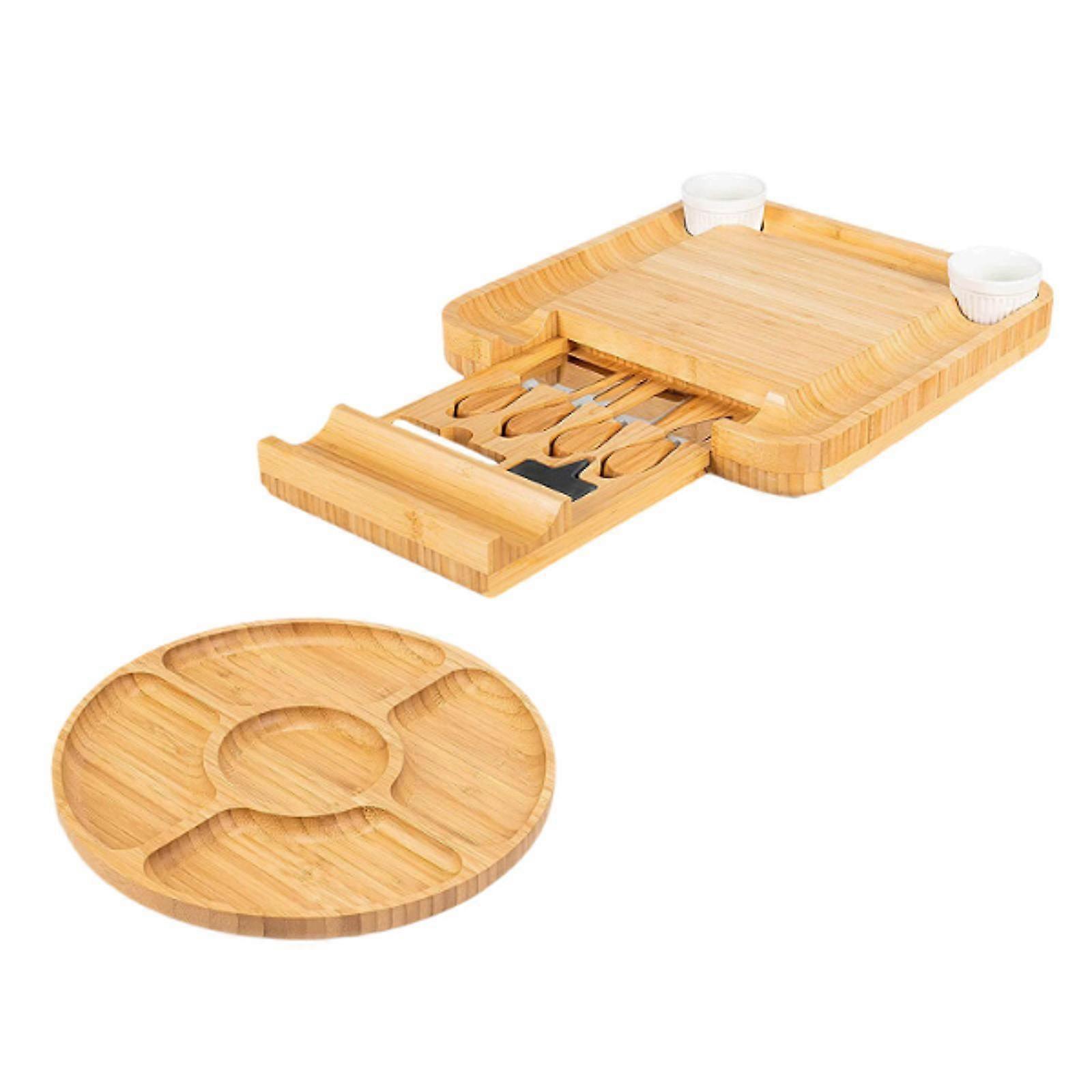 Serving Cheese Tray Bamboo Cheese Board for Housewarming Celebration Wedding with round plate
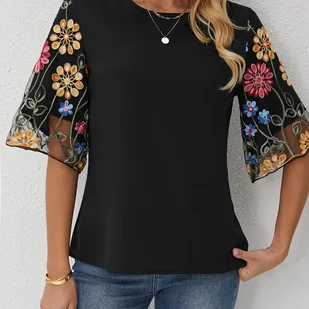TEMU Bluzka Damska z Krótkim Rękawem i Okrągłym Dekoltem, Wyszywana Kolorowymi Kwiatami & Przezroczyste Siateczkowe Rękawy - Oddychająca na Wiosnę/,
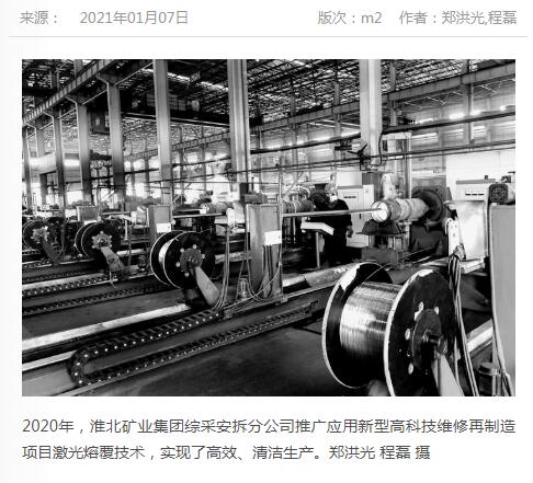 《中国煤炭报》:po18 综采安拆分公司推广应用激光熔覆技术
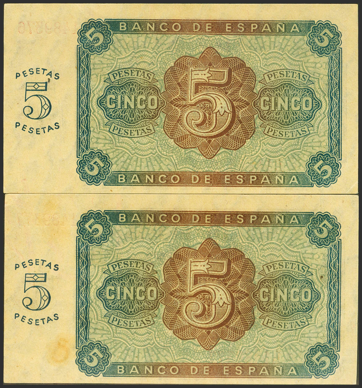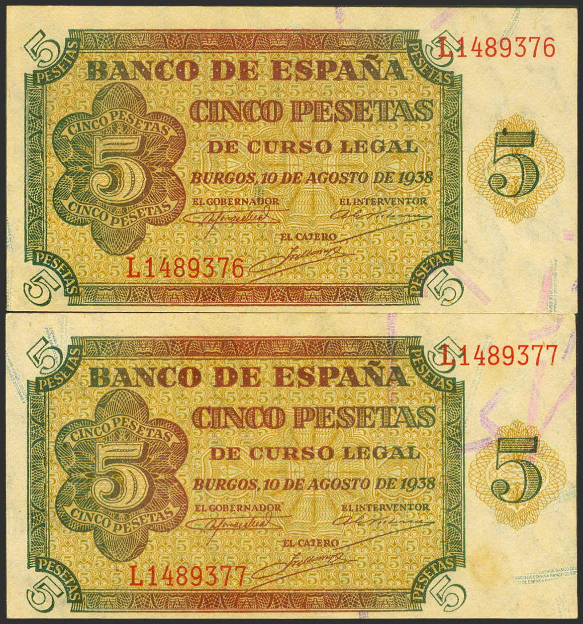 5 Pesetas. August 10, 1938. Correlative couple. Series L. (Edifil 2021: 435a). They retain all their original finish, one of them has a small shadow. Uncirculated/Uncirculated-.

★ ★ ★

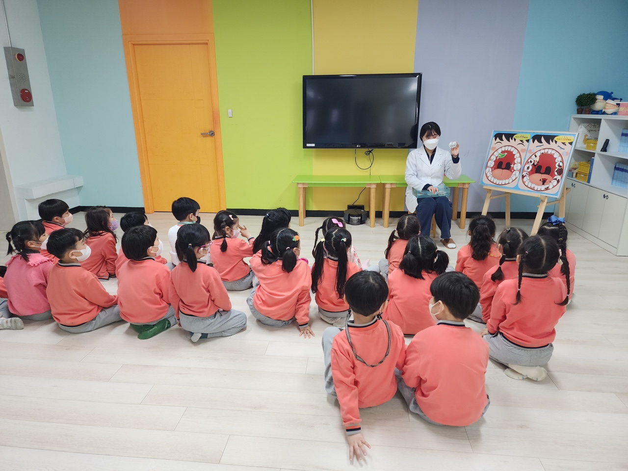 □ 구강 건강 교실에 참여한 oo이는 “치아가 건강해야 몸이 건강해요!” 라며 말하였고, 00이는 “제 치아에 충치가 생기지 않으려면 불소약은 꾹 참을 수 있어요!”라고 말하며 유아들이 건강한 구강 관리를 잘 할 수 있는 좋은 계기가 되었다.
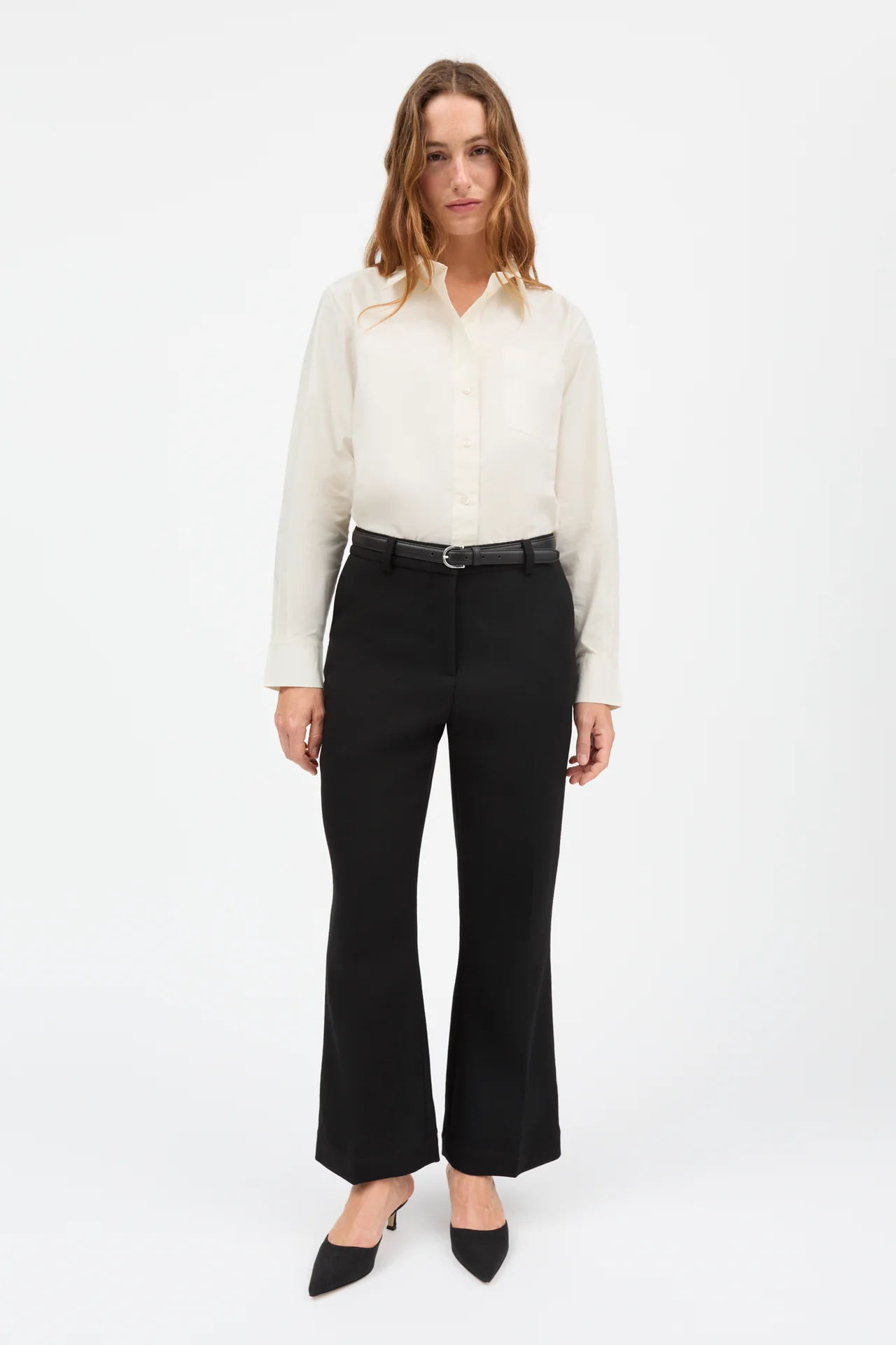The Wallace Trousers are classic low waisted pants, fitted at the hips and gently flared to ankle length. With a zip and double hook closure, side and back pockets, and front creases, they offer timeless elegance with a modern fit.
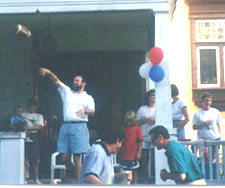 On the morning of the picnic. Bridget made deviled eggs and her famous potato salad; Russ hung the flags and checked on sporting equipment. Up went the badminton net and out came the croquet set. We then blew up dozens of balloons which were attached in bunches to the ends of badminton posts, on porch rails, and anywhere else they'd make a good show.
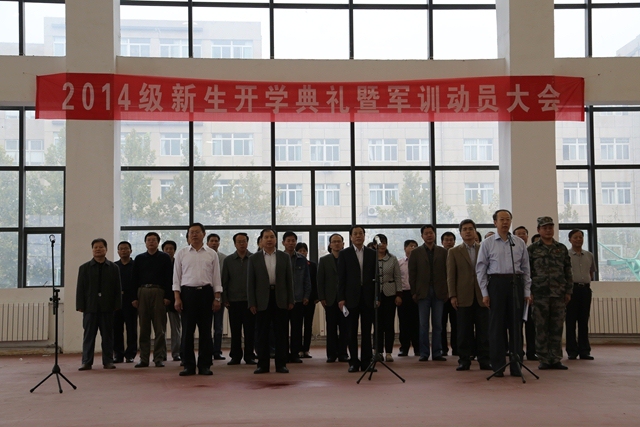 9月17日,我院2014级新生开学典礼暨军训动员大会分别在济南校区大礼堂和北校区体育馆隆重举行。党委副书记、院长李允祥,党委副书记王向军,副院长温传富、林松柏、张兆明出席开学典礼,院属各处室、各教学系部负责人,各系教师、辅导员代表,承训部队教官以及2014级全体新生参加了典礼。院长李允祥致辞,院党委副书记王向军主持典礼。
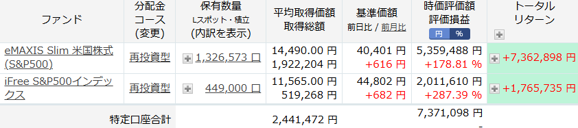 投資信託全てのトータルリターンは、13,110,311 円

★ ★ ★

Print, exactly and with no pictures, the lines of the listing above starting at the one that has "TEMU Bluzka Damska" and ending at the one that has "5 Pesetas. August", both included.

TEMU Bluzka Damska z Krótkim Rękawem i Okrągłym Dekoltem, Wyszywana Kolorowymi Kwiatami & Przezroczyste Siateczkowe Rękawy - Oddychająca na Wiosnę/,
 《中国煤炭报》:po18 综采安拆分公司推广应用激光熔覆技术
 5 Pesetas. August 10, 1938. Correlative couple. Series L. (Edifil 2021: 435a). They retain all their original finish, one of them has a small shadow. Uncirculated/Uncirculated-.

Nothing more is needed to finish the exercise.